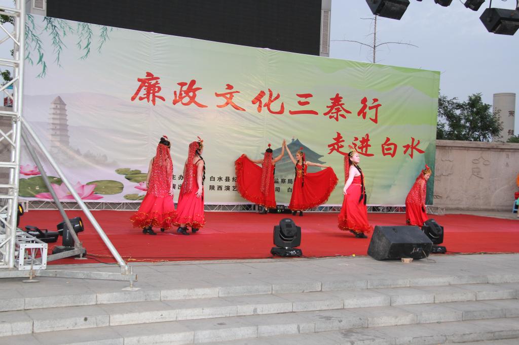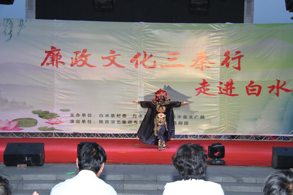 为了进一步扩大廉政文化的覆盖面和影响力,促进党的群众路线教育活动深入开展,2014年6月18日下午7点,由省纪委、省监察厅、省文化厅联合举办的“廉政文化三秦行”文艺演出在我县仓颉广场举行。县委常委、纪委书记郭世英致辞,白水县四大班子及其它在家县级领导、各单位部分党员干部和广大群众2000余人观看了演出。
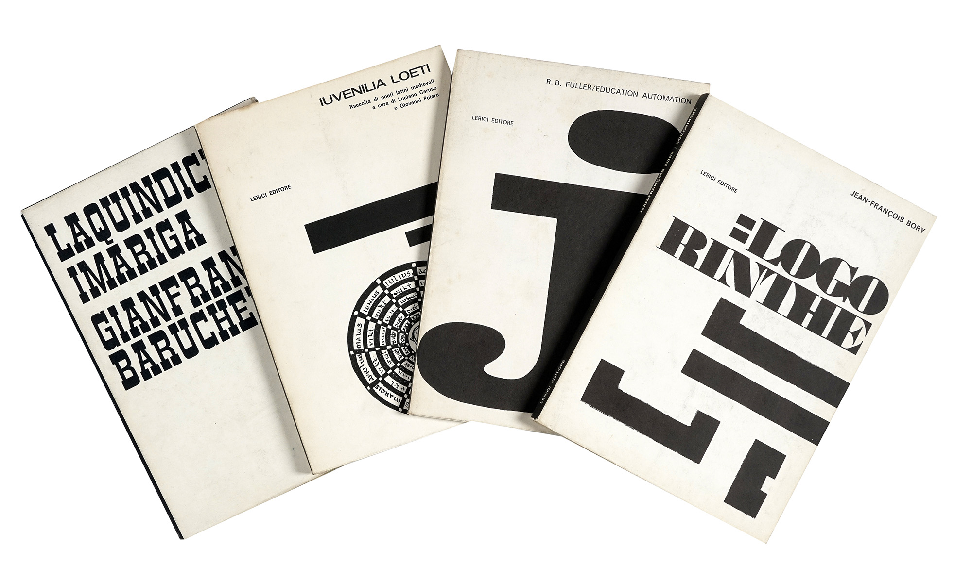 Compongono il lotto: 1) Zannino Adriano, Superegg. Roma: Lerici, 1968; 2) Barucchello Gianfranco, La quindicesima riga. Roma: Lerici, 1968; 3) Sandri Giovanna, Capitolo zero. Roma: Lerici, 1969; 4) Teatro delle mostre. Roma: Lerici, 1968; 5) Iuvenilia loeti. Raccolta di poeti latini medievali a cura di Luciano Caruso... Roma: Lerici, 1969; 6) Tropico n.1. Roma: Lerici, 1969; 7) Alternative attuali 2. Rassegna internazionale di pittura, scultura, grafica. Roma: Lerici, 1965. Elenco completo disponibile su richiesta.
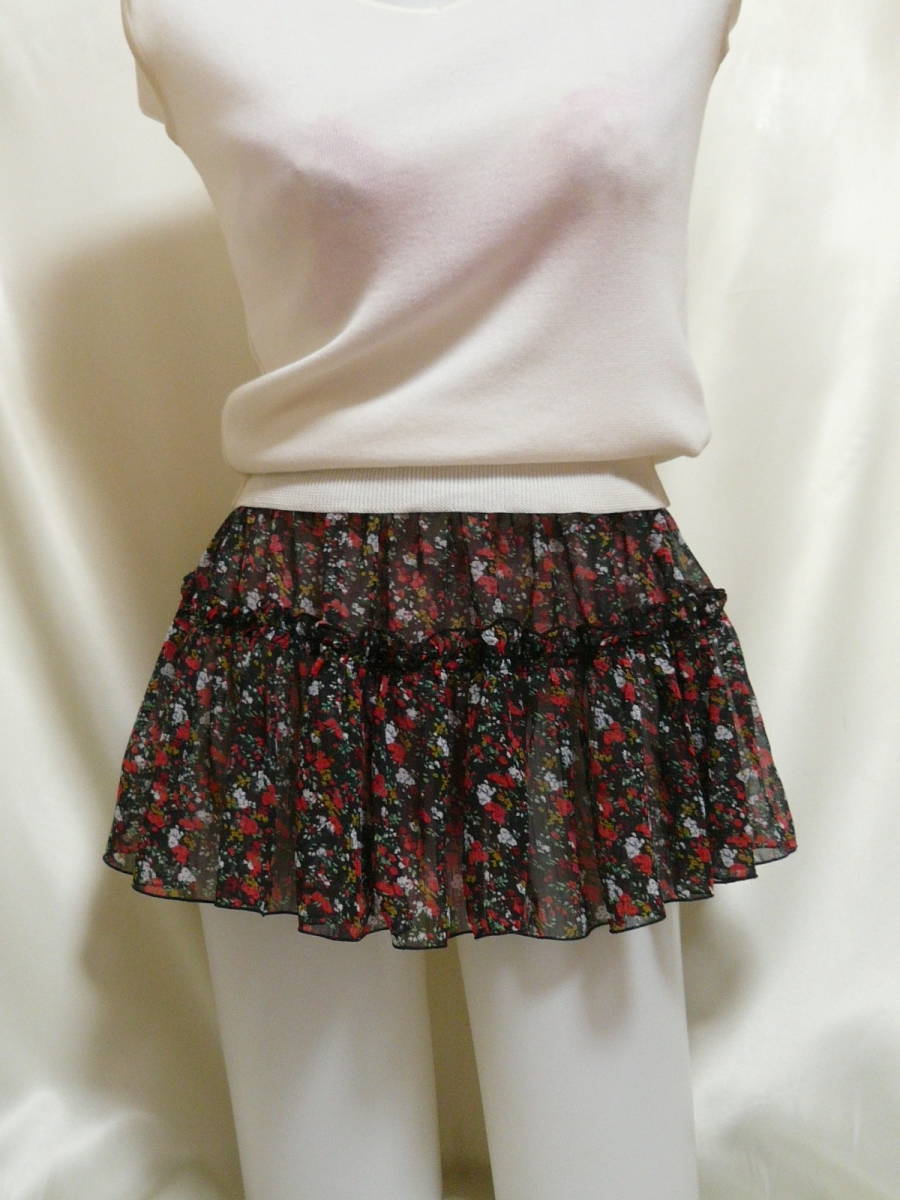 ♪♪黒地に赤小花柄の超マイクロミニ☆清らかにシースルー^^♪♪
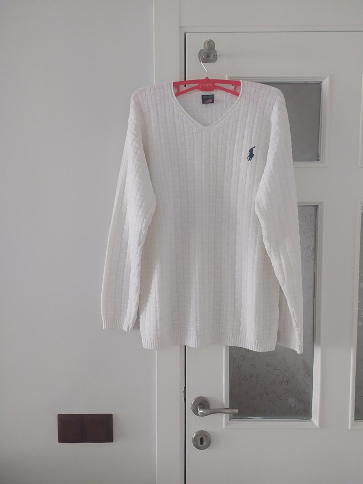 Polo Sport Marka örgü dokulu, V yaka ve uzun kollu beyaz pamuklu triko kazak. Rahat ve bol kesimi günlük kullanım için uygundur. Yenidir. Etiketi kopmuştur.
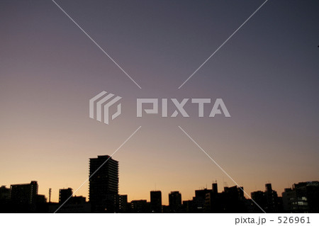 夕暮れのグラデーションの空とシルエットの高層ビル
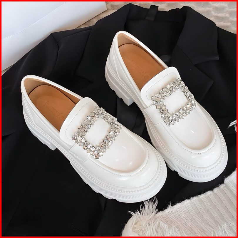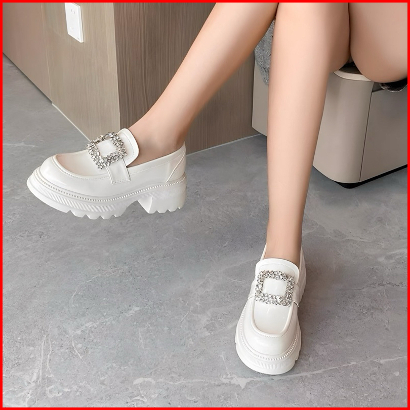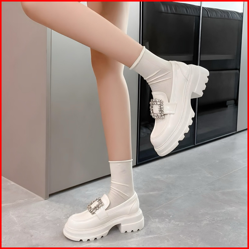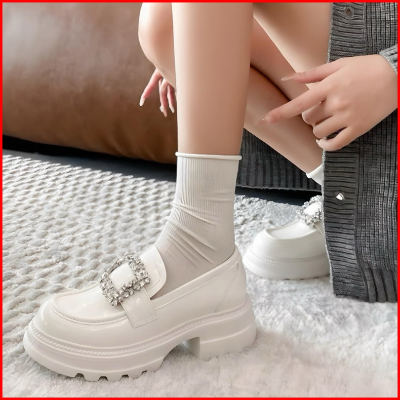 Sepatu Docmart Wanita Seoji Terbaru Putih Mutiara Flat Loafers Kasual Slip On Cewek Ootd Kekinian Premium Quality 1989
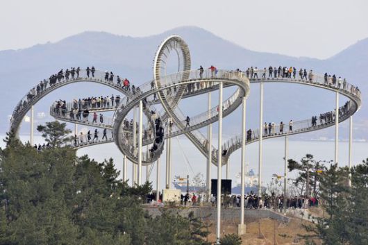 경북 포항시 북구 환호공원. 언덕 위에 자리해 아래로는 영일대 해수욕장이, 멀리 호미곶까지 내려다 보인다. 환호공원은 경치도 경치지만 특별한 체험형 조형물로 인기다. 트랙 길이 333m, 계단 개수 717개로 이뤄진 이 조형물은 언뜻 보면 360도로 돌아가는 롤러코스터처럼 생겼다. 이름은 ‘스페이스워크’. 국내에는 포항밖에 없다.
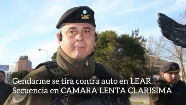 - Me apresto a poner primera marcha y arrancar el vehículo cuando, súbitamente, un gendarme de enormes proporciones directamente se arrojó sobre el vehículo Chevrolet que conducía. Se trató de López Torales. Con toda su humanidad se había tirado sobre el capot provocando una importante abolladura y con su codo golpeó fuertemente el parabrisas, haciendo estallar los cristales.

Task instructions: From the records above, output only the lines starting at the one containing "Polo Sport Marka" and ending at the one containing "Sepatu Docmart Wanita", word for word. Pictures stay out.

Result:
 Polo Sport Marka örgü dokulu, V yaka ve uzun kollu beyaz pamuklu triko kazak. Rahat ve bol kesimi günlük kullanım için uygundur. Yenidir. Etiketi kopmuştur.
 夕暮れのグラデーションの空とシルエットの高層ビル
 Sepatu Docmart Wanita Seoji Terbaru Putih Mutiara Flat Loafers Kasual Slip On Cewek Ootd Kekinian Premium Quality 1989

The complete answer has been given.